YOUR SOLIN GENERATED RECIPE
Fire-Roasted Quinoa Stuffed Bell Peppers
Savor the vibrant flavors of fire-roasted tomatoes combined with lean ground turkey, fluffy quinoa, and hearty black beans, all nestled within a roasted bell pepper. This dish is a celebration of wholesome ingredients and bold spices, delivering both satisfying protein and a symphony of Southwest-inspired flavors.
INGREDIENTS
1 large Red Bell Pepper
4 ounces Lean Ground Turkey
1/2 cup Cooked Quinoa
1/4 cup Black Beans
1/4 cup Fire-Roasted Diced Tomatoes
1/4 small Yellow Onion (diced)
1 clove Garlic (minced)
1 teaspoon Olive Oil
1/2 teaspoon Ground Cumin
1/2 teaspoon Chili Powder
Salt and Pepper to taste
PREPARATION
Preheat your oven to 375°F.
Slice the top off the bell pepper and remove seeds and membranes. Set aside.

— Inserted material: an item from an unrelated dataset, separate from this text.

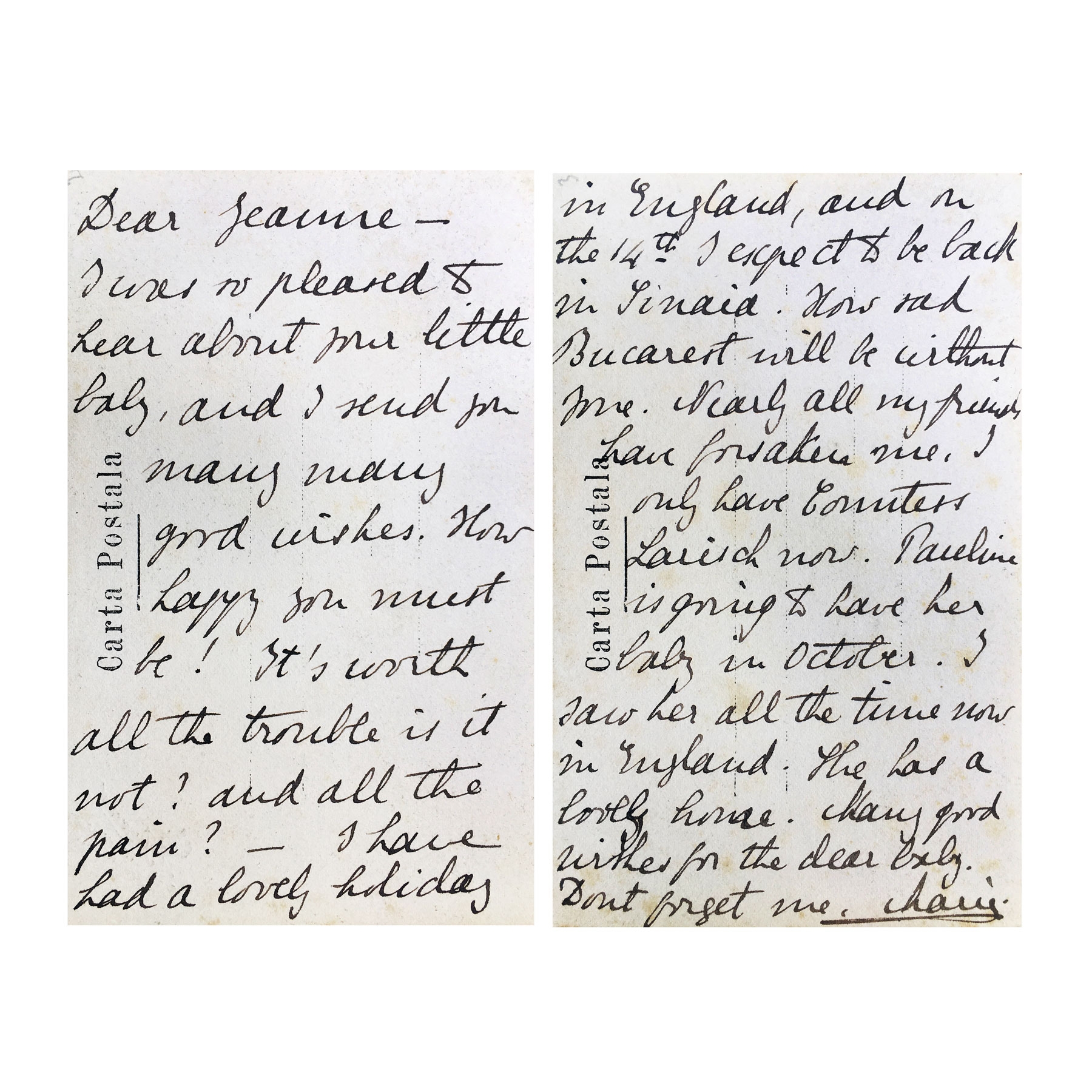 70. Lot format din două cărți poștale trimise de Regina Maria către Jeanne Aisene Henry, cu semnătura olografă, cca. 1915

In a skillet over medium heat, warm the olive oil and sauté the diced onion until softened, about 3 minutes.
Add minced garlic, ground cumin, and chili powder to the onions; stir until fragrant, about 1 minute.
Add the lean ground turkey to the skillet and cook until browned and fully cooked, breaking it up with a spatula.
Stir in the cooked quinoa, black beans, and fire-roasted diced tomatoes. Season with salt and pepper, and let the mixture warm for 2 minutes.
Fill the hollowed bell pepper with the turkey and quinoa mixture.
Place the stuffed pepper in a baking dish and cover loosely with foil.
Bake in the preheated oven for 25-30 minutes, or until the pepper is tender.
Remove from the oven and let it cool for a few minutes before serving.